Yesterday we measured a network with a Fluke network tester. Almost all cables failed the test, because of a too high return loss.

Then we tested one of the failed cables using a 'real world' test. Transferring an ISO to a server. We got a steady 110MB/s

This makes me wonder how signal return loss affects the network performance.

  • Did any answer help you? If so, you should accept the answer so that the question doesn't keep popping up forever, looking for an answer. Alternatively, you could provide and accept your own answer. – Ron Maupin Aug 11 '17 at 16:58
  • "Almost all cables failed the test, because of a too high return loss." Actually they would fail because the Return Loss was too low. This is a measurement where the higher the loss, the better. A 100% loss would be ideal. Return Loss measures the power reflected back toward the sender. – Ron Maupin Sep 29 '17 at 14:20
  • Negatively. .... – Ronnie Royston Sep 29 '17 at 22:47

A failure in the return loss measurement means that you have excess reflection energy from the cable configuration due to impedance mismatch. This failure means that a standards compliant transceiver is not guaranteed to work at IEEE BER requirements - but it is not guaranteed to fail.

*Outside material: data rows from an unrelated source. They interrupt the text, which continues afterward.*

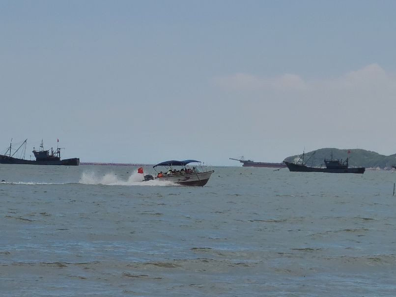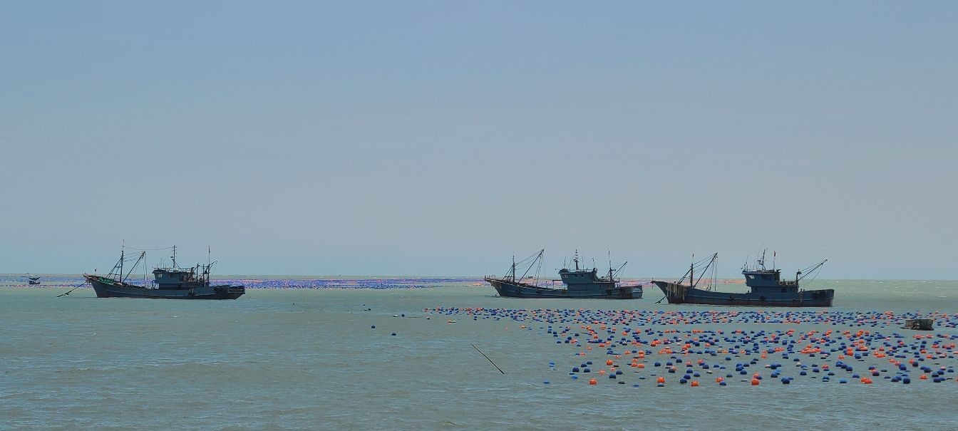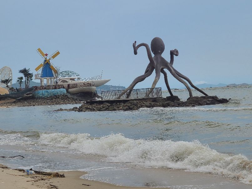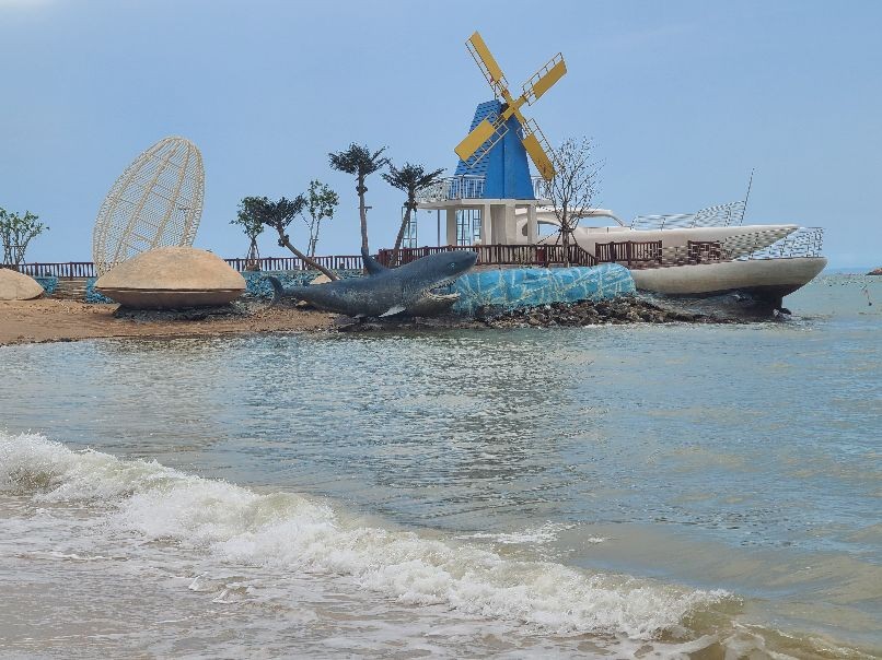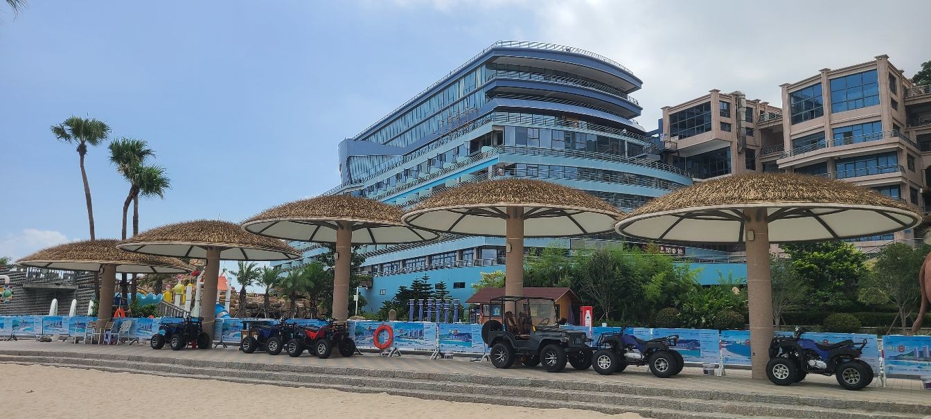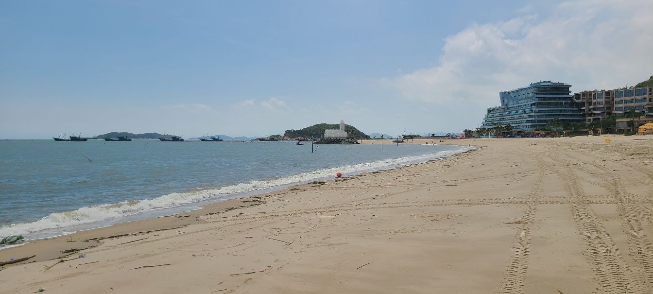 这里有着蜿蜒2000多米的沙滩海岸线,站在细柔的白沙滩上向海面望去,由远及近停锚着许多大大小小的船只,一排排、一片片五颜六色的养殖浮漂将海面点缀的色彩斑斓,不时有快艇穿梭期间掀起浪花朵朵。海上除了快艇、观光船之外还有其他的水上运动项目,沙滩上也有越野车、骑马等娱乐项目,这些活动又会有不同的感受体验,现在由于防控疫情的原因都没有开放,相信下次将来会更好。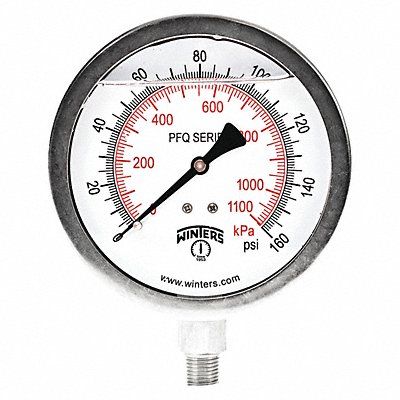 Industrial Pressure Gauge Nominal Dial Size 4 in Accuracy +/-1.5 Percent Gauge Case Material 304 Stainless Steel Process Connection Type NPT Process Connection Gender Male Lens Material Polycarbonate Process Connection Size 1/4 in Field Fillable Yes Process Connection Location Bottom Case Color Metallic IP/NEMA Rating IP65 Primary Pressure Range 0 to 160 Dry Dampening Feature None Vibration Resistance Field-Fillable Dial Color White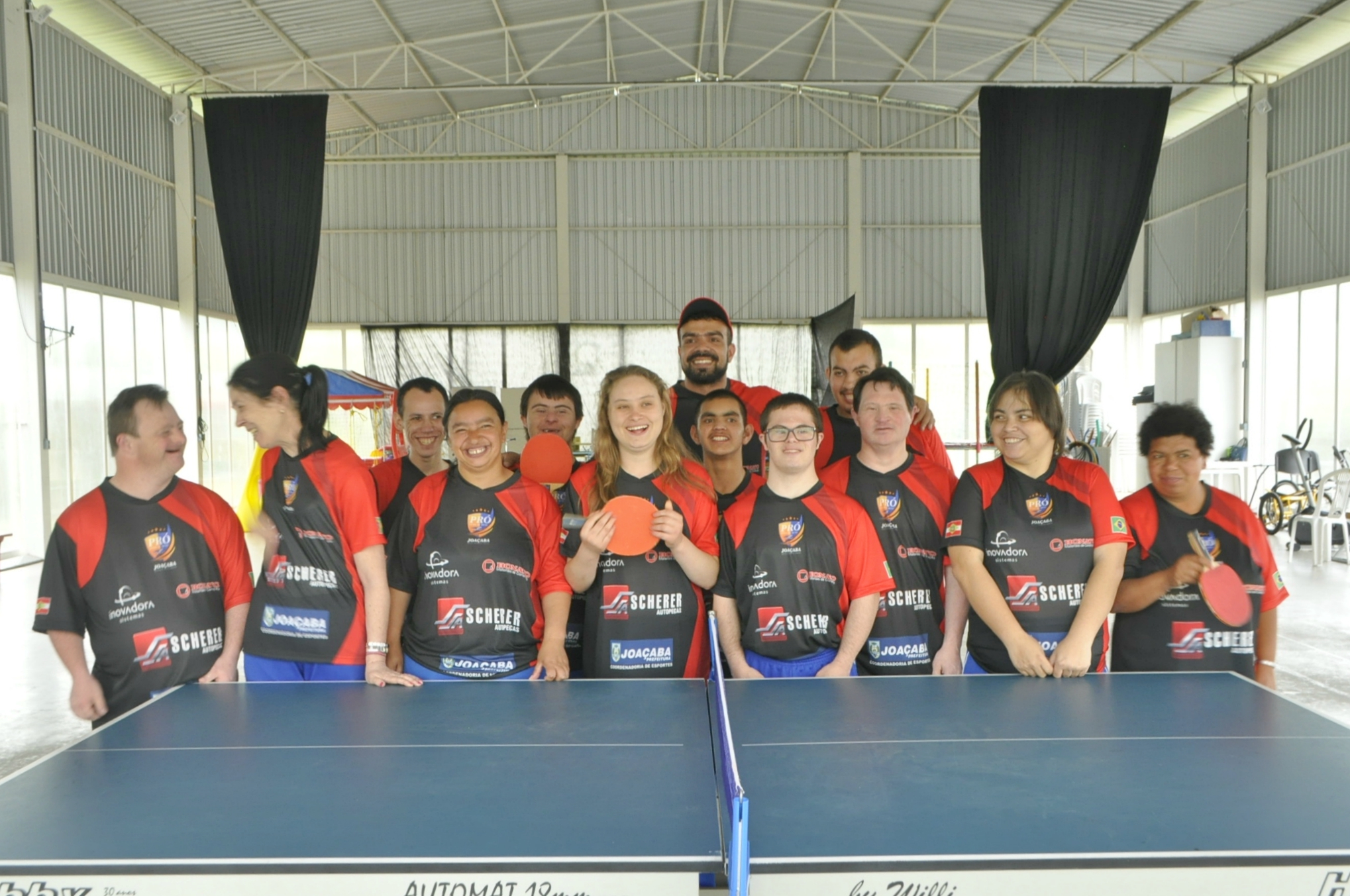 A Associação Pró Tênis de Mesa fez a entrega de camisetas a treze alunos da Escola Especial Frei Bruno / APAE Joaçaba. O ato foi acompanhado por patrocinadores e professores da instituição. Há dois anos os alunos participam das aulas do projeto social, por meio de aulas gratuitas da modalidade desenvolvidas pelo professor Marlon Spindola, no período vespertino das quartas-feiras.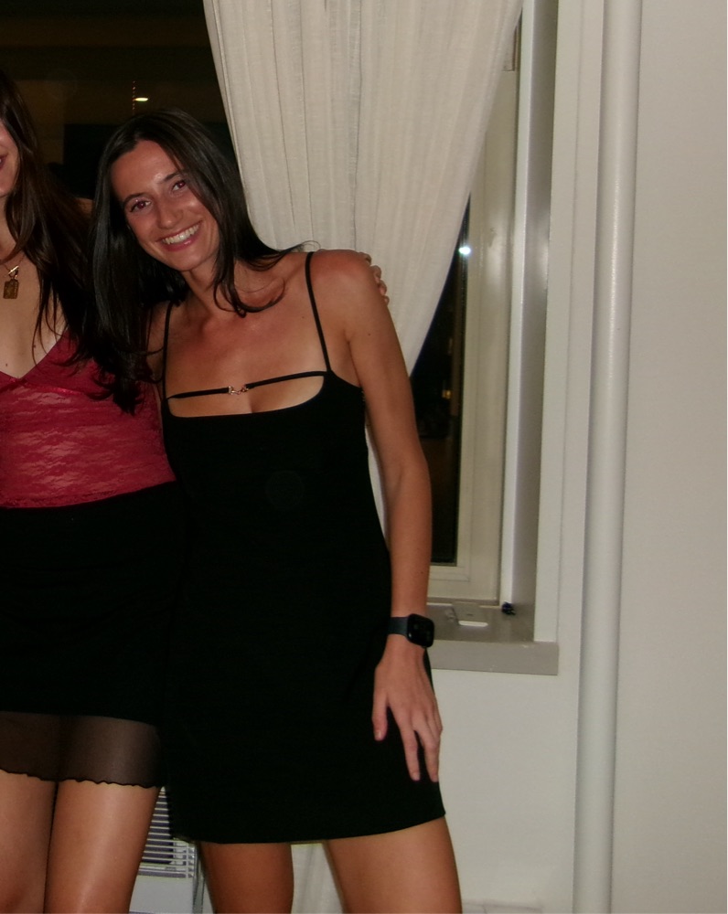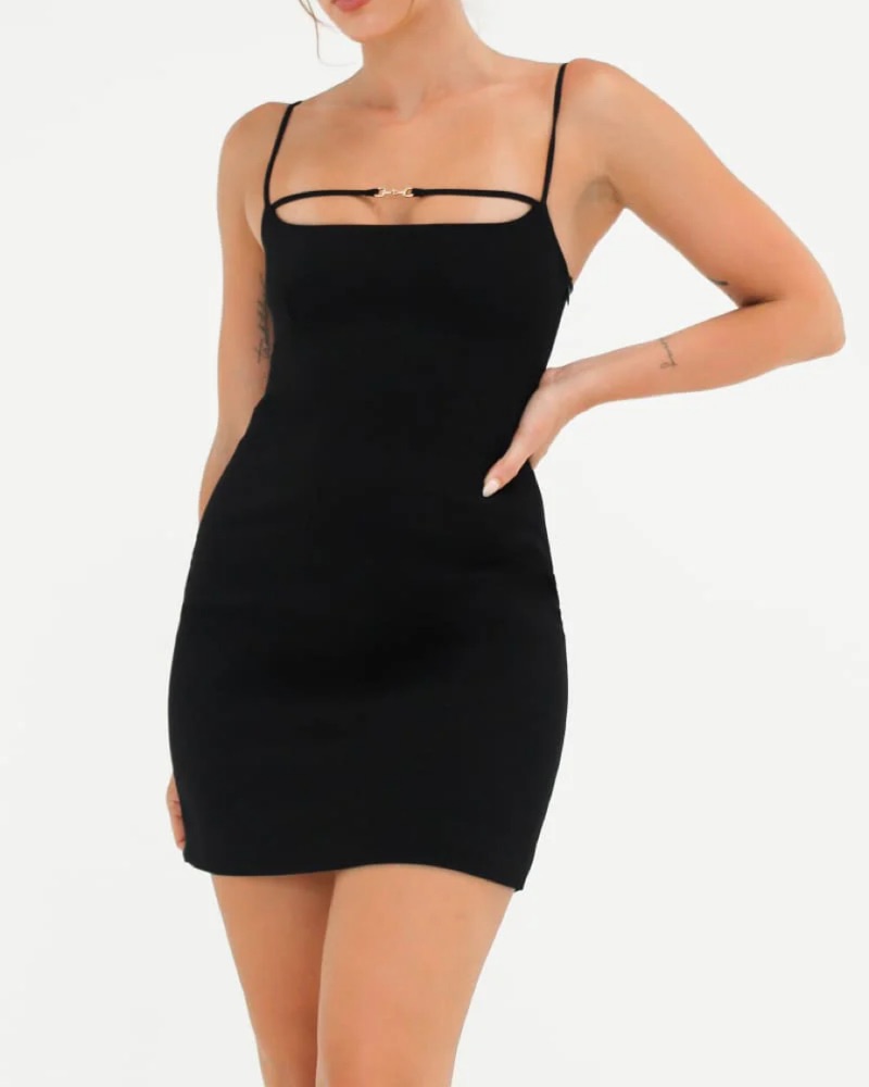 black cocktail dress with gold clasp detail is perfect for a night out or special occasion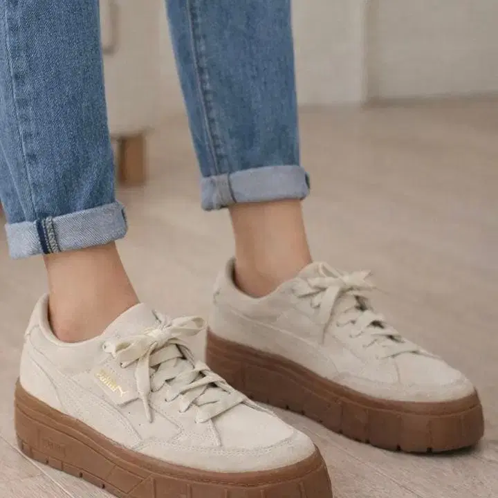 PUMA 통굽 스니커즈 스웨이드 아이보리 고무 밑창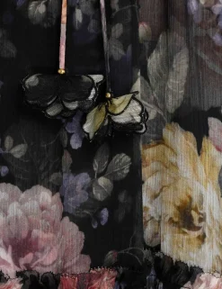 The Luminosity Tubular Midi Dress In Multi Floral Black From Our Fall 2023 Collection, Luminosity. A Silk Midi Dress Featuring Long Fluted Sleeves And Stand Collar, Finished With A Frilled Drop Hem.- Silk Midi Dress

The reflection energy can limit performance since some aspects of efficient physical layer chip design (i.e. chip area/power/cost) depend upon predictable cable system behavior, including acceptable return loss performance (e.g. number of taps in equalizers and echo cancellers).

However, depending upon how much link margin you have due to other factors - e.g. noise, crosstalk, insertion loss - the link can still operate okay without errors even with a RL failure, though in some cases it may result in very infrequent errors that will not show up in short tests.

Note that there is some margin built into IEEE compliant systems - many systems companies won't accept physical layer systems that only just meet the standard requirements. Therefore you may not see any bit errors with marginal cable test failures but it is safer not to rely on this fact.